▶ [How to complete this task]: Below is a set of records. Repeat them verbatim without the pictures.

[Source records]
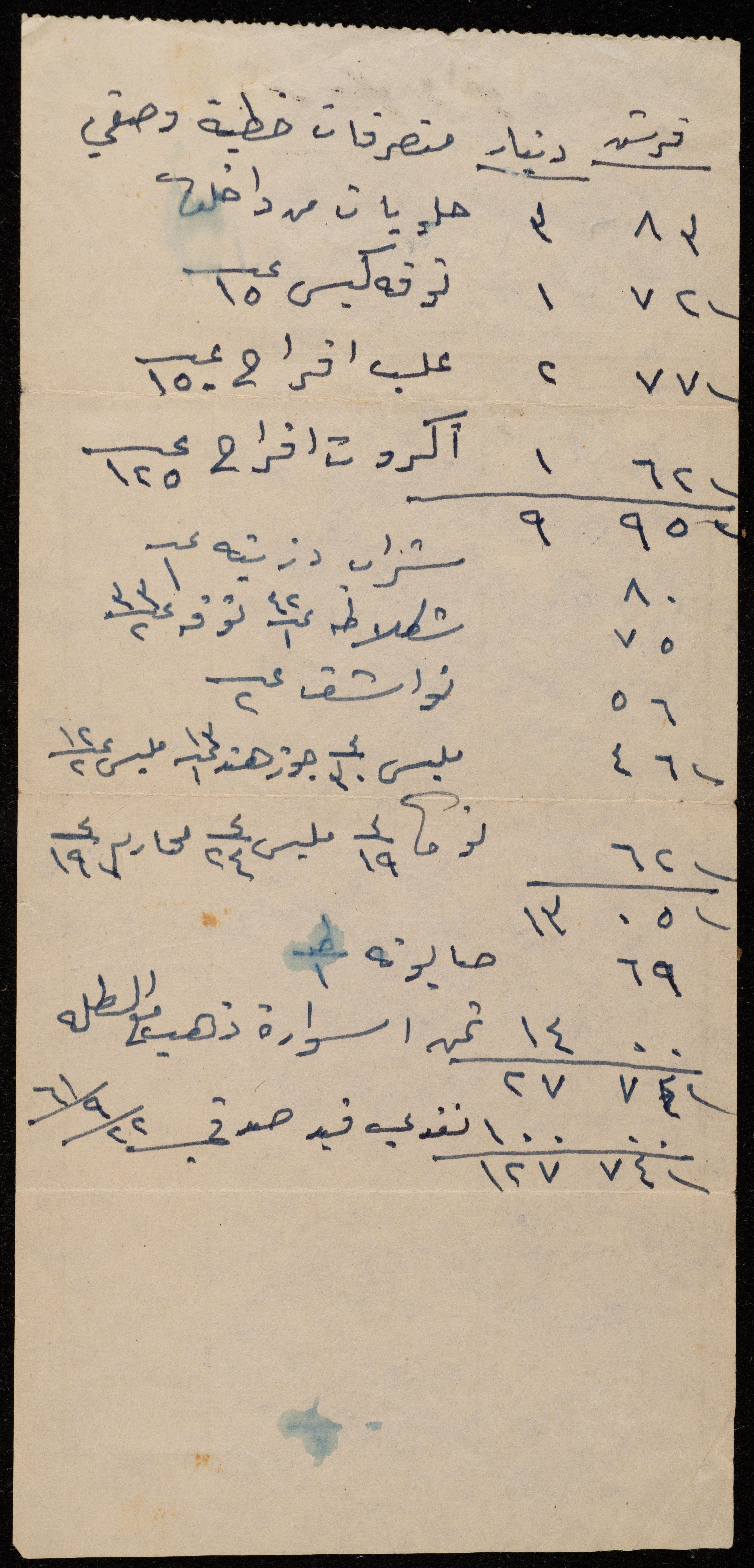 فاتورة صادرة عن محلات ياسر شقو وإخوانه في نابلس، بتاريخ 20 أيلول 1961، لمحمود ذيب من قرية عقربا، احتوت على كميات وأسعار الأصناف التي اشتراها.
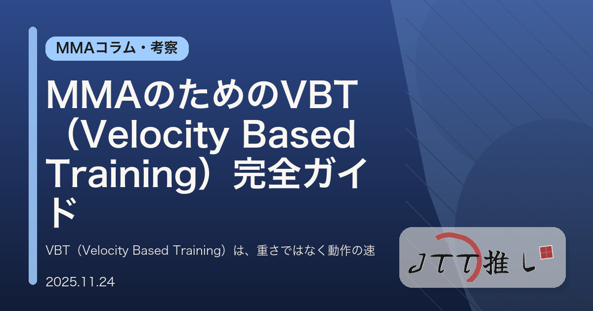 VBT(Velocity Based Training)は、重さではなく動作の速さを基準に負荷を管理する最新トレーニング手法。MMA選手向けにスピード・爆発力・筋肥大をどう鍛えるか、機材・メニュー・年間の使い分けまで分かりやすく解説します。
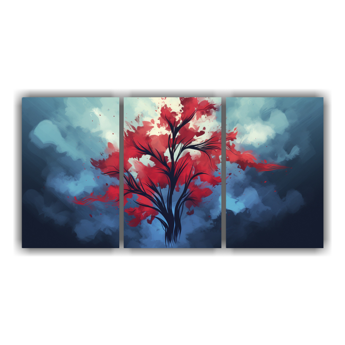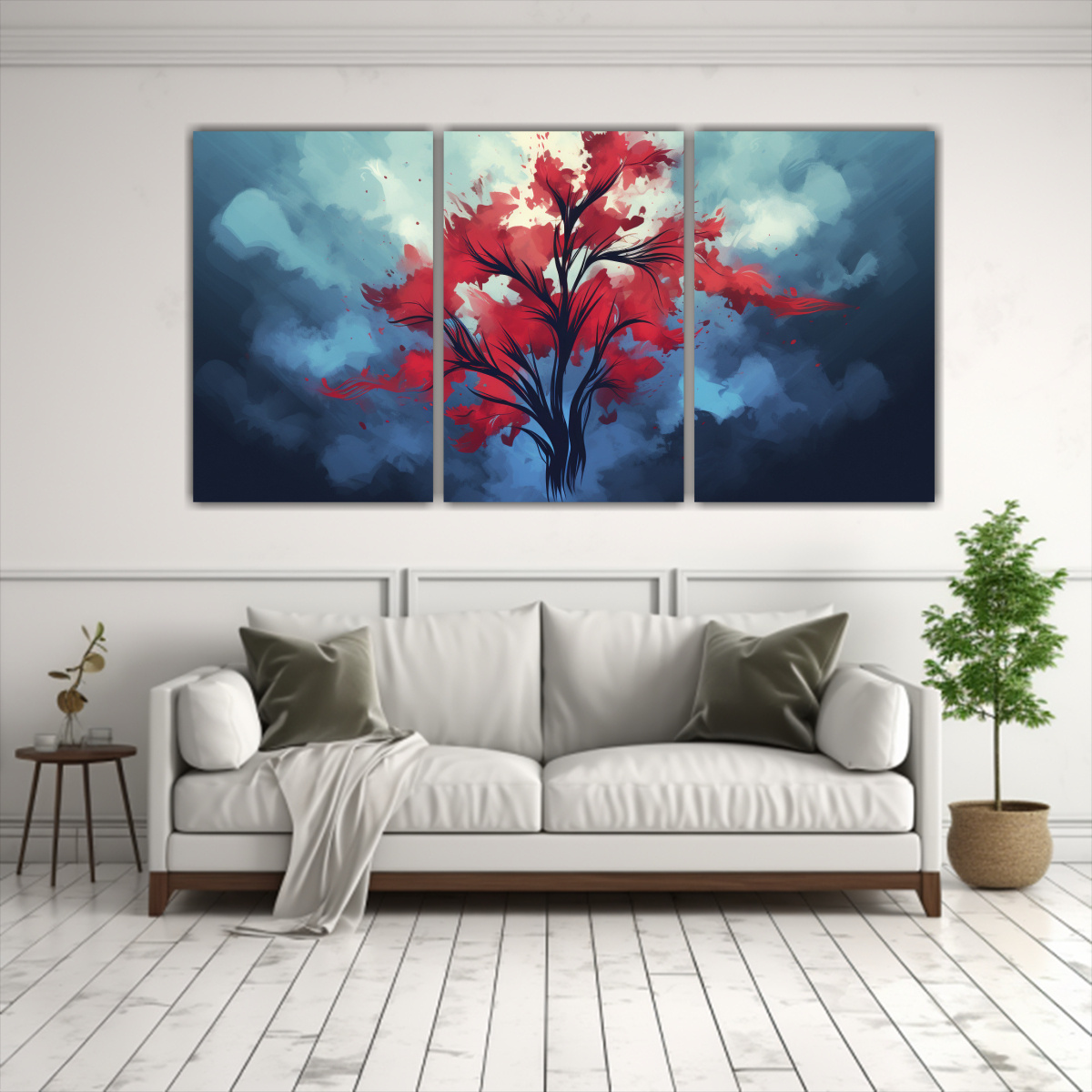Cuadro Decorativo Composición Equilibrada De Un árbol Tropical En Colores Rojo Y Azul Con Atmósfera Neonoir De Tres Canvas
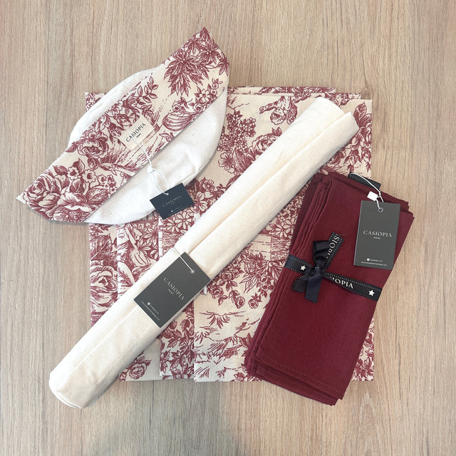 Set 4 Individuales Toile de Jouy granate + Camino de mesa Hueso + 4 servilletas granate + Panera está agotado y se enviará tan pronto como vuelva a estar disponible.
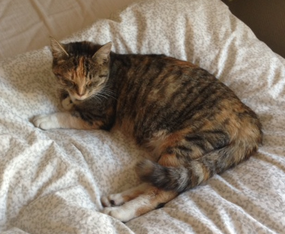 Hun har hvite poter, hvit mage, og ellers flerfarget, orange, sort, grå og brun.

▶ [Written solution]:
 فاتورة صادرة عن محلات ياسر شقو وإخوانه في نابلس، بتاريخ 20 أيلول 1961، لمحمود ذيب من قرية عقربا، احتوت على كميات وأسعار الأصناف التي اشتراها.
 VBT(Velocity Based Training)は、重さではなく動作の速さを基準に負荷を管理する最新トレーニング手法。MMA選手向けにスピード・爆発力・筋肥大をどう鍛えるか、機材・メニュー・年間の使い分けまで分かりやすく解説します。
Cuadro Decorativo Composición Equilibrada De Un árbol Tropical En Colores Rojo Y Azul Con Atmósfera Neonoir De Tres Canvas
 Set 4 Individuales Toile de Jouy granate + Camino de mesa Hueso + 4 servilletas granate + Panera está agotado y se enviará tan pronto como vuelva a estar disponible.
 Hun har hvite poter, hvit mage, og ellers flerfarget, orange, sort, grå og brun.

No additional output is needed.